Mean or max pooling with masking support in Keras

Asked 15/9, 2016 at 12:16 Answered 2/5, 2018 at 23:10

...
print('Build model...')
model = Sequential()
model.add(Embedding(max_features, 128))
model.add(LSTM(size, return_sequences=True, dropout_W=0.2 dropout_U=0.2)) 
model.add(GlobalAveragePooling1D())
model.add(Dense(1))
model.add(Activation('sigmoid'))
....

I need to be able to take the mean or max of the vectors for all time steps in a sample after LSTM layer before giving this mean or max vector to the dense layer in Keras.

I think timedistributedmerge was able to do this but it was deprecated. Using return_sequences=True I can obtain the vectors for all time steps in a sample after the LSTM layer. However, GlobalAveragePooling1D() is not compatible with masking and it considers all time steps whereas I need only the non-masked time steps.

I saw posts recommending the Lambda layer but these also do not take masking into account. Any help would be appreciated.

Means answered 15/9, 2016 at 12:16 Comment(0)

Jacoxu's answer is right. But if you are using a tensorflow backend for keras, the Tensor type doesn't support dimshuffle function, try this instead.

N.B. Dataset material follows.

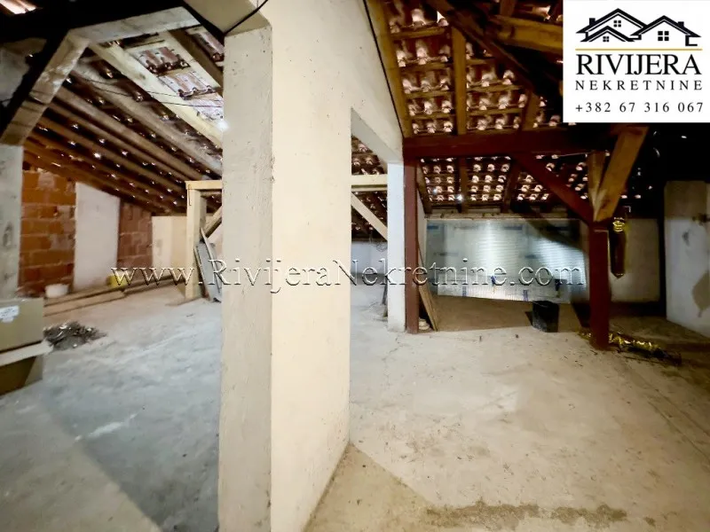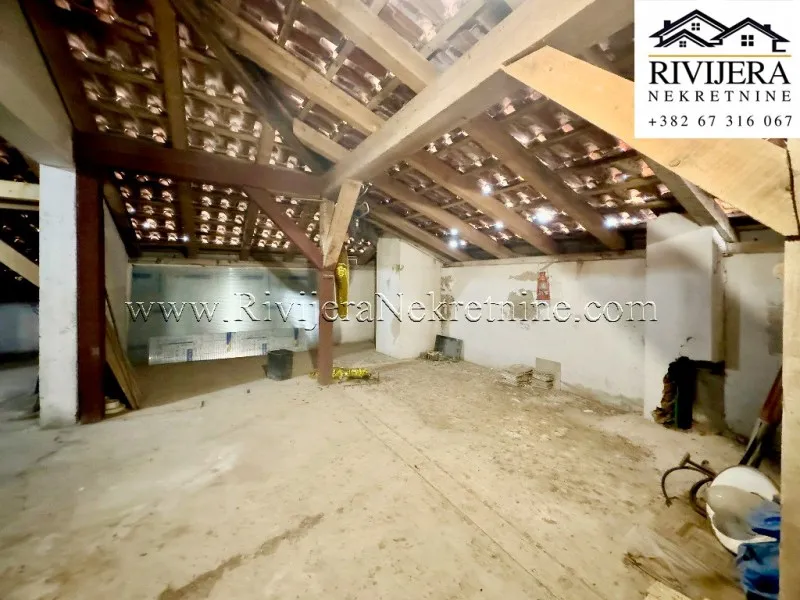 An unfinished attic space in a residential building is for sale, located in an excellent area of Seljanovo, Tivat.

def call(self, x, mask=None):
    if mask is not None:
        # mask (batch, time)
        mask = K.cast(mask, K.floatx())
        # mask (batch, x_dim, time)
        mask = K.repeat(mask, x.shape[-1])
        # mask (batch, time, x_dim)
        mask = tf.transpose(mask, [0,2,1])
        x = x * mask
    return K.sum(x, axis=1) / K.sum(mask, axis=1)

Rive answered 17/8, 2017 at 8:52 Comment(0)

Since average pooling is only doing a mean over one axis, you just need to correct the number of elements in the mean since loss masking is handled at the end, not here. You can do this probably with something like this:

class GlobalAveragePooling1DMasked(GlobalAveragePooling1D):
    def call(self, x, mask=None):
        if mask != None:
            return K.sum(x, axis=1) / K.sum(mask, axis=1)
        else:
            return super().call(x)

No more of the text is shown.